Tras la caída de Fujimori a principios del milenio, el Perú exhibe un conjunto de patrones socio-políticos persistentes. Primero, una economía neo-liberal con indicadores marco-económicos estelares. Segundo, el desprestigio de la política y la baja provisión de bienes públicos. Tercero, una brecha regional que concentra los beneficios económicos en la costa del país, especialmente en la capital y condena a la sierra al estancamiento económico. Cuarto, una sociedad atravesada no solo por brechas económicas, tan visibles en la geografía urbana de Lima, sino también de status social. Quinto, vertientes populistas que prometen mano dura para combatir la inseguridad y restaurar los valores morales cristianos.

La última crisis política y las elecciones legislativas han estado marcados por estos patrones de desprestigio de la política, outsiders, regionalización y risibles promesas de regeneración moral. El actual presidente Martín Vizcarra es el sucesor de Pedro Pablo Kuczynsky forzado a dimitir por el caso de corrupción de Odebrecht. Convertido por las circunstancias de su ascenso al poder en adalid de la anti-corrupción, Vizcarra presionó al Congreso, entonces controlado por el fujimorismo, para que adopte medidas anti-corrupción. Al no conseguirlo, Vizcarra se valió del semi-parlamentarismo peruano, para disolver al deslegitimado Congreso y llamar a elecciones legislativas.

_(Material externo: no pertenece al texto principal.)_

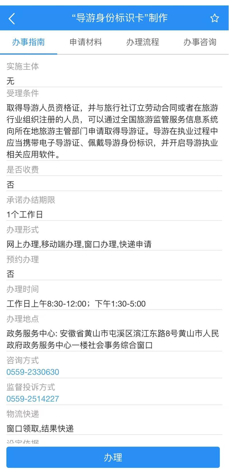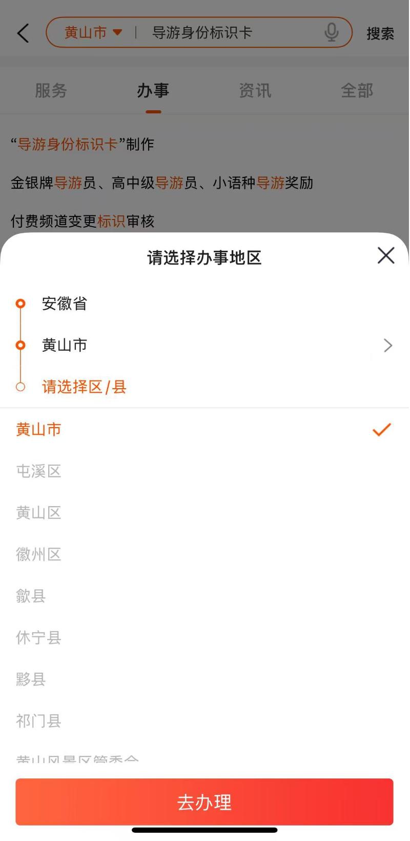 一、登录皖事通APP或安徽政务服务网,在搜索框输入“导游身份标识卡”制作,点击事项名称为“导游身份标识卡”制作的事项进入办理,办事地区请选择“黄山市”再点击“去办理”。

En las elecciones celebradas hace tres semanas, el prestigio de los partidos políticos llegó a su punto más bajo y produjo un nuevo congreso absolutamente fragmentado. El hasta hace poco poderoso fujimorismo se vino abajo y obtuvo apenas 12 escaños frente a 73 en las elecciones anteriores, mientras el histórico partido APRA no logró un solo escaño. La anti-política ahora se encarnó en el extravagante movimiento político evangelista FREPAP que busca las soluciones al malestar peruano en el reino de Dios en la tierra. La izquierda terció dividida y muchos de sus votos fueron captados por el movimiento de Antauro Humala, el hermano de Ollanta Humala y beneficiario del perpetuo descontento de la sierra. La fuerza más votada, la centrista Acción Popular obtuvo apenas el 10% de los votos. Esta fragmentación extrema contribuirá a la parálisis y seguramente profundizará el desprestigio de la política.

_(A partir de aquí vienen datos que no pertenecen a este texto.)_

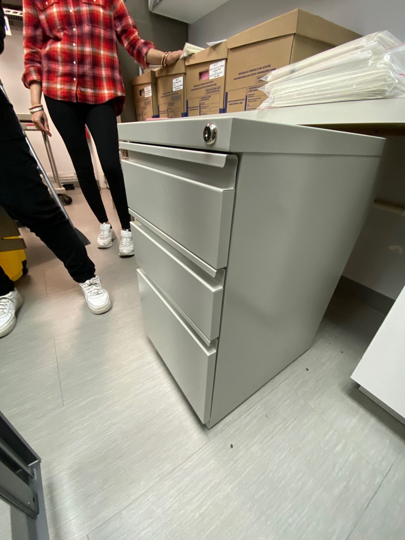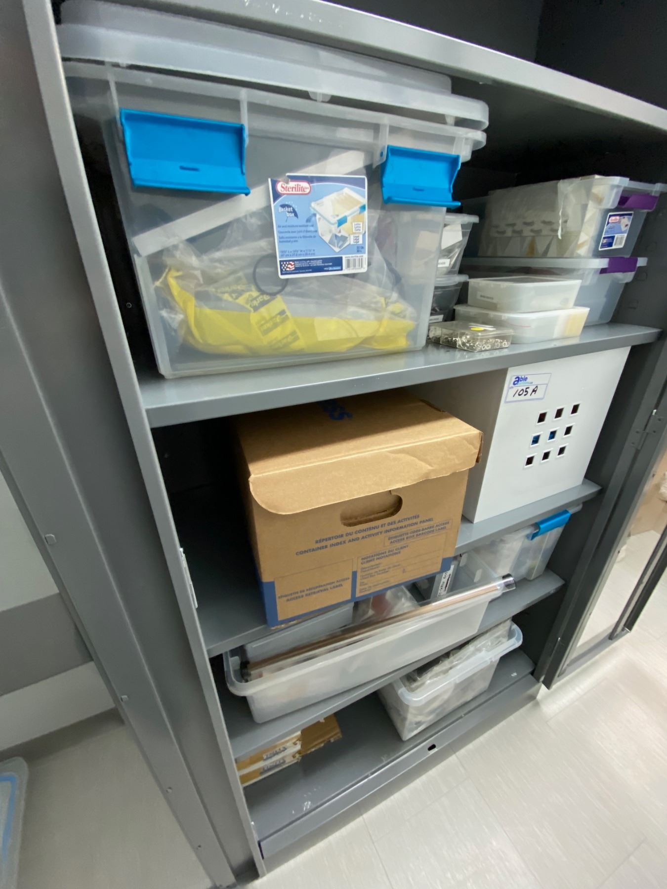 CONTENTS OF CABINET; LABELS, HARDWARE AS WELL AS 3 DRAWER MOBILE FILE CABINET

Frente a tal desprestigio de la política, uno pensaría que Perú sería un candidato obvio para el tipo de protestas masivas marcadas por actos de violencia que se han presentado en varios países latinoamericanos. No obstante, el consenso neo-liberal hace que los ciudadanos peruanos no exijan una mayor oferta de bienes públicos, o lo que es lo mismo una moderación de la austeridad. La política más bien se agota en un empobrecido rechazo de la corrupción y la promesa de mano dura. No es que los peruanos no requieran una mejora de los servicios públicos, que están entre los peores en el continente, pero tales demandas no se formulan claramente. El resultado es que la política solo expresa la frustración ante sí misma y al vaciarla de tal forma asegura su permanente putrefacción.

Carlos Espinosa es profesor/investigador de Historia y Relaciones Internacionales en la USFQ.